Leaving pictures aside, set down each line exactly, from the first line of the data to the line with "React 框架上有 6", both included.
(SOURCE DATA begins)
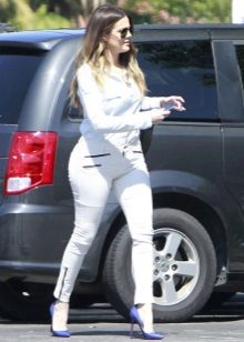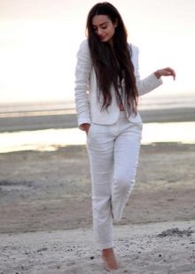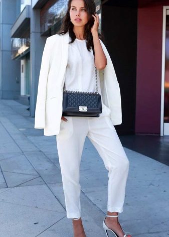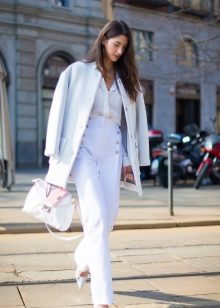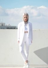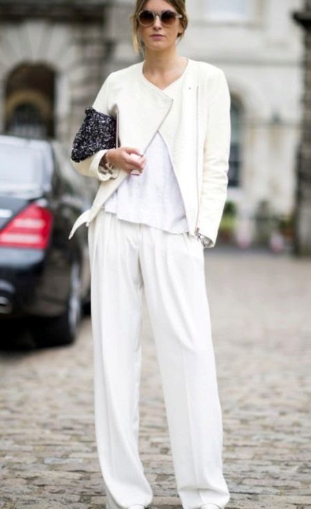Free-cut trousers are successfully combined with the same white jacket.Its length allows you to wear this set under the elongated coats and down jackets, which makes this ensemble almost all-season.
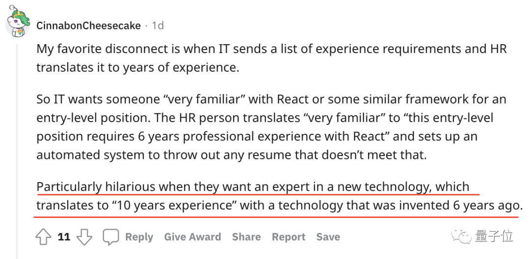比如说要招聘新技术领域的专家,技术部门的描述是“非常熟悉 React 或类似框架”,而 HR 则将这个“非常熟悉”翻译或者理解成了“需要在 React 框架上有 6 年经验”。
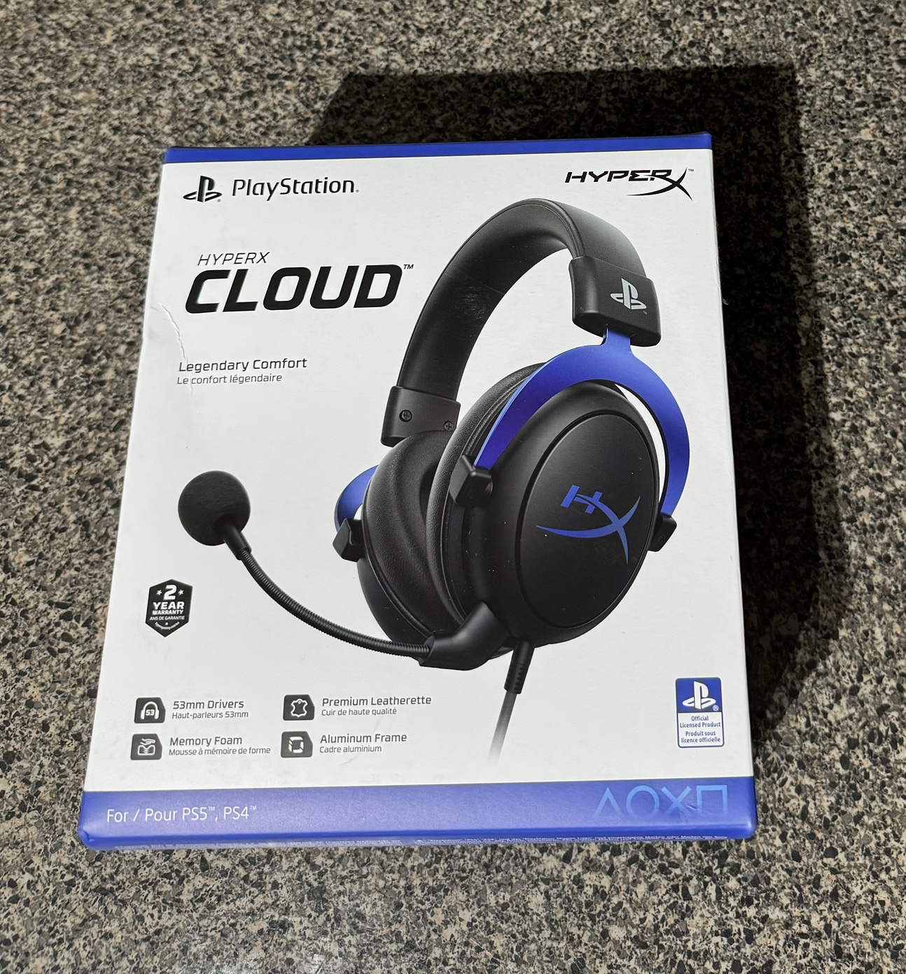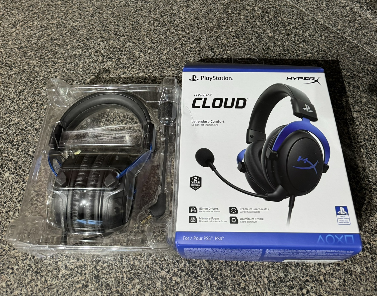 22HyperX Cloud - Gaming Headset, PlayStation Official Licensed Product, for PS5 and PS4, Memory Foam comfort, Noise-cancelling mic, Durable aluminum frame,Black and Blue. Open Box but never used. Selling for $30.
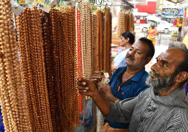 கார்த்திகை துவங்குவதையொட்டி சபரிமலை செல்வதற்காக மாலை அணிய பூஜை பொருட்கள் மற்றும் மாலை வாங்கும் பக்தர்கள் . இடம்: கோவை சித்தாபுதூர் ஐயப்பன் கோவில் அருகே.
(SOURCE DATA ends)
### [WRITTEN ANSWER]
Free-cut trousers are successfully combined with the same white jacket.Its length allows you to wear this set under the elongated coats and down jackets, which makes this ensemble almost all-season.
比如说要招聘新技术领域的专家,技术部门的描述是“非常熟悉 React 或类似框架”,而 HR 则将这个“非常熟悉”翻译或者理解成了“需要在 React 框架上有 6 年经验”。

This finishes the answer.